→ DATASET EXCERPT:

——————————

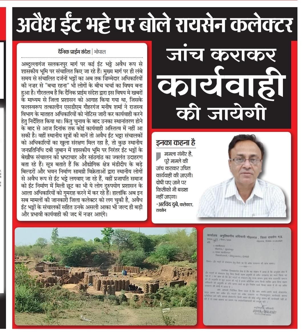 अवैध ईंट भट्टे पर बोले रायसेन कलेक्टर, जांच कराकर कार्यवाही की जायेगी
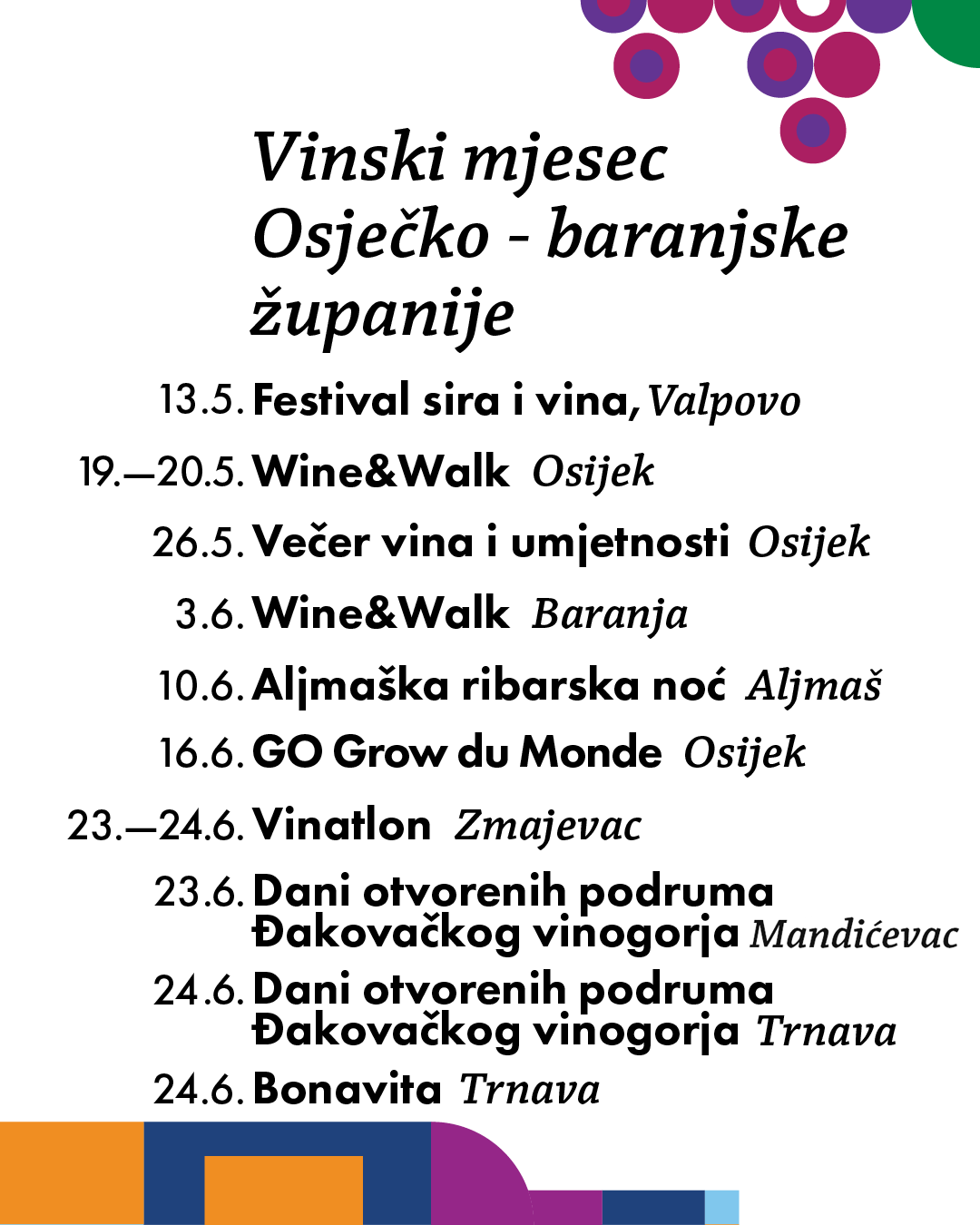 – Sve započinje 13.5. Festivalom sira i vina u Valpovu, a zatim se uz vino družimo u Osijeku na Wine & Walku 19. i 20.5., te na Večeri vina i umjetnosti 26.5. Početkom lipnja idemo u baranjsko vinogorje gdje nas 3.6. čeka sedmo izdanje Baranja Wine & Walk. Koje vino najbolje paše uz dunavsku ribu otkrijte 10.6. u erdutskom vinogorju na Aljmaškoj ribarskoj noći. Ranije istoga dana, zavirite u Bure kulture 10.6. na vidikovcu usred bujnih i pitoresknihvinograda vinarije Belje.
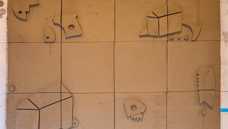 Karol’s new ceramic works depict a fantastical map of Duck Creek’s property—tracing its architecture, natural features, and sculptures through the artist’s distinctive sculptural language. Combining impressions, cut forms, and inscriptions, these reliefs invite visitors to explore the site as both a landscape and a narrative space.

——————————

→ EXERCISE DESCRIPTION: Reproduce the full material exactly, excluding the pictures.

→ EXERCISE ANSWER:
 अवैध ईंट भट्टे पर बोले रायसेन कलेक्टर, जांच कराकर कार्यवाही की जायेगी
 – Sve započinje 13.5. Festivalom sira i vina u Valpovu, a zatim se uz vino družimo u Osijeku na Wine & Walku 19. i 20.5., te na Večeri vina i umjetnosti 26.5. Početkom lipnja idemo u baranjsko vinogorje gdje nas 3.6. čeka sedmo izdanje Baranja Wine & Walk. Koje vino najbolje paše uz dunavsku ribu otkrijte 10.6. u erdutskom vinogorju na Aljmaškoj ribarskoj noći. Ranije istoga dana, zavirite u Bure kulture 10.6. na vidikovcu usred bujnih i pitoresknihvinograda vinarije Belje.
 Karol’s new ceramic works depict a fantastical map of Duck Creek’s property—tracing its architecture, natural features, and sculptures through the artist’s distinctive sculptural language. Combining impressions, cut forms, and inscriptions, these reliefs invite visitors to explore the site as both a landscape and a narrative space.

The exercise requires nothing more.